Toda teoria de pertença precisa, entretanto, evitar um risco, pois transformar vantagens territoriais em privilégio fechado poderia gerar cidades que tentassem impedir novos moradores para proteger dividendos maiores - o que seria uma perversão do sistema, já que o dividendo deveria reconhecer pertença estável sem transformar o território numa corporação fechada. 

Por isso, seriam necessárias regras nacionais de mobilidade, igualdade jurídica e acesso. A participação poderia exigir tempo, mas não poderia depender de origem familiar, raça, religião ou qualquer condição semelhante. A territorialidade deve significar vínculo objetivo, mas não fechamento comunitário.
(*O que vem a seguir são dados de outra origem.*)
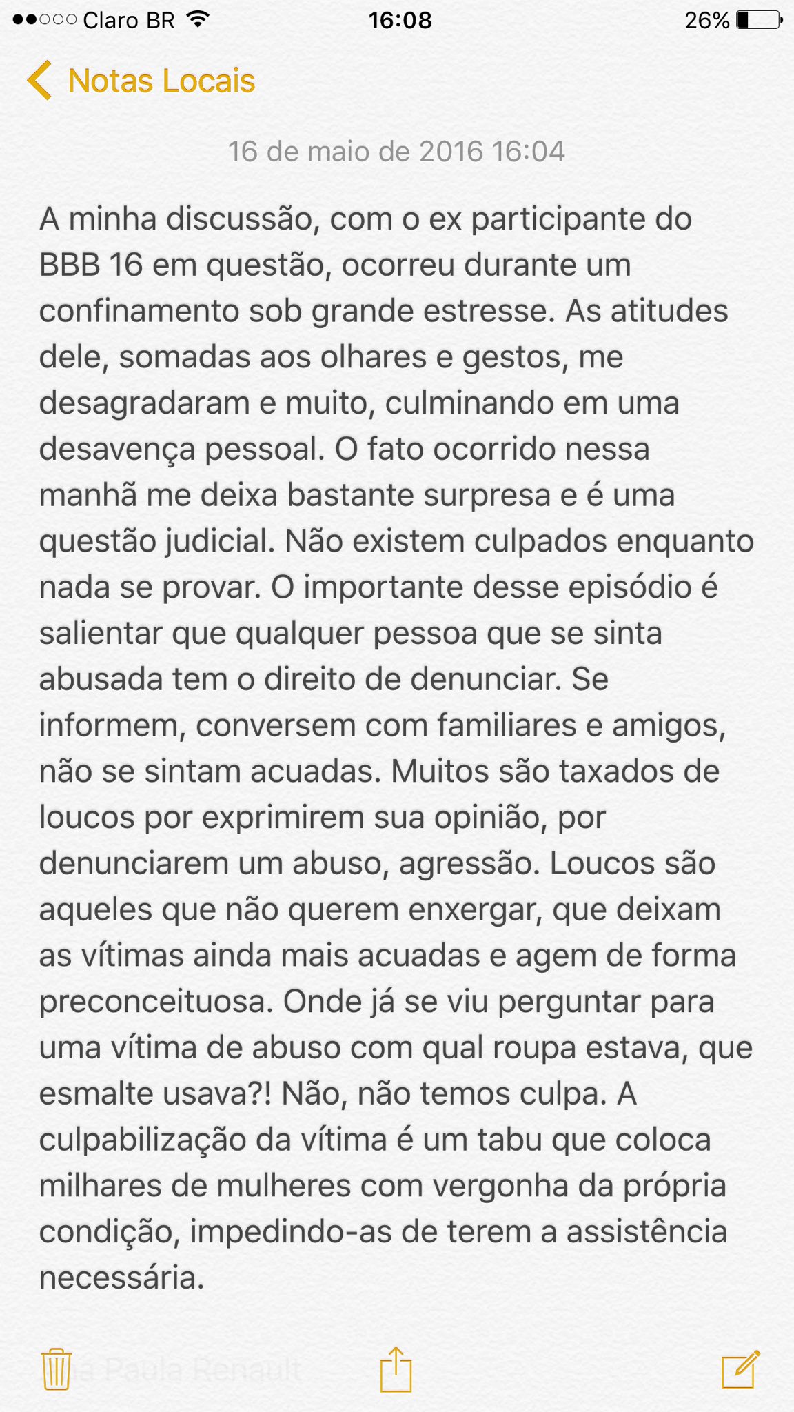 "A minha discussão, com o ex-participante do "BBB 16" em questão, ocorreu durante um confinamento sob grande estresse. As atitudes dele, somadas aos olhares e gestos, me desagradaram e muito, culminando em uma desavença pessoal. O fato ocorrido nessa manhã me deixa bastante surpresa e é uma questão judicial. Não existem culpados enquanto nada se provar", disse Ana Paula em nota.

21. Federação de sociedades territoriais abertas

A combinação desses elementos produziria uma visão diferente de federação, pois o país seria composto por comunidades territoriais abertas, cada uma dotada de patrimônios e funções distintas. Algumas possuiriam ativos portuários; outras, ativos fronteiriços; outras, recursos naturais; outras, centralidade administrativa.

A União garantiria circulação, direitos fundamentais e equilíbrio federativo. Enquanto estados e municípios desenvolveriam suas especializações. E parte das rendas extraordinárias poderia ser transformada em patrimônio das comunidades correspondentes.
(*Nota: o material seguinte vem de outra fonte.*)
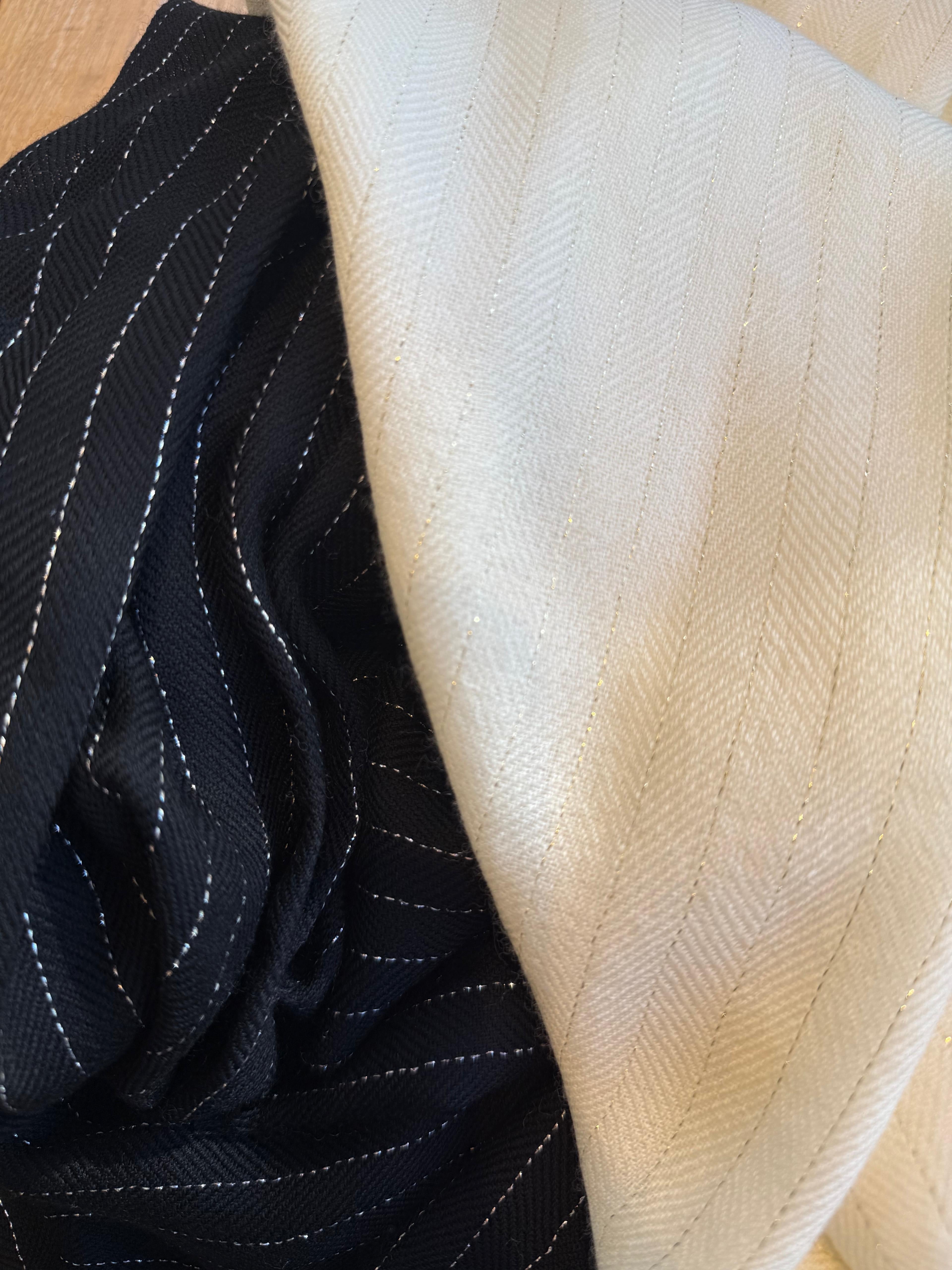 Wrap yourself in understated elegance with this finely woven wool stole, featuring a subtle metallic pinstripe for a hint of shimmer. Luxuriously soft and generously sized, it drapes beautifully over the shoulders or layers effortlessly as a scarf. Perfect for elevating everyday outfits or adding a refined touch to evening wear.

Assim, diversidade territorial e unidade nacional deixariam de parecer opostas.

Conclusão — Do cidadão abstrato ao participante concreto do lugar

A ideia de renda de cidadania parte de uma relação abstrata e legítima:

pessoa → comunidade política → direito.

O dividendo territorial acrescenta outra relação:

pessoa → domicílio → propriedade → território → patrimônio coletivo → rendimento.

Não se trata de substituir cidadania pela propriedade, muito menos de atribuir diferentes dignidades políticas a proprietários e não proprietários. Trata-se de reconhecer que algumas pessoas possuem uma relação concreta, duradoura e patrimonial com determinados lugares, pois esses lugares podem produzir riqueza. E quando a geografia privilegiada de uma cidade é transformada em atividade econômica organizada, surge uma renda que não deve necessariamente ser apropriada integralmente pela empresa, pelo proprietário privado ou pelo governo.

Pode existir uma quarta possibilidade: a comunidade territorial participar dos frutos.

A analogia empresarial ajuda a compreender a estrutura, pois o lugar é o ativo; a infraestrutura é o capital acumulado; a atividade econômica gera fluxos; o royalty territorial captura parte da renda espacial, enquantoo  fundo preserva o patrimônio e o dividendo distribui parte dos frutos.

Nesse sentido, o domiciliado-proprietário não seria juridicamente sócio da cidade, mas poderia ser compreendido economicamente como participante de um patrimônio territorial comum.

A diferença é decisiva, mas não se receberia simplesmente porque se possui determinada nacionalidade. O critério para se fazer jus ao recebimento decorre do fato de pertencer concretamente a um lugar, de participar de seus riscos, de mantern patrimônio na cidade e contribuir para a continuidade de uma comunidade cuja geografia possui valor econômico (o bem comum)

Essa talvez seja a formulação final do conceito: sividendo de pertença territorial é a participação periódica nos rendimentos de um patrimônio financeiro coletivo constituído a partir da remuneração de funções geográficas e econômicas exercidas por determinada comunidade, atribuída segundo critérios objetivos de vínculo territorial duradouro.

Assim, o poder do lugar deixaria de ser apenas uma explicação sobre por que alguns lugares são economicamente privilegiados e passa a transformar numa teoria acerca de quem deve participar dos frutos produzidos por esse privilégio geográfico.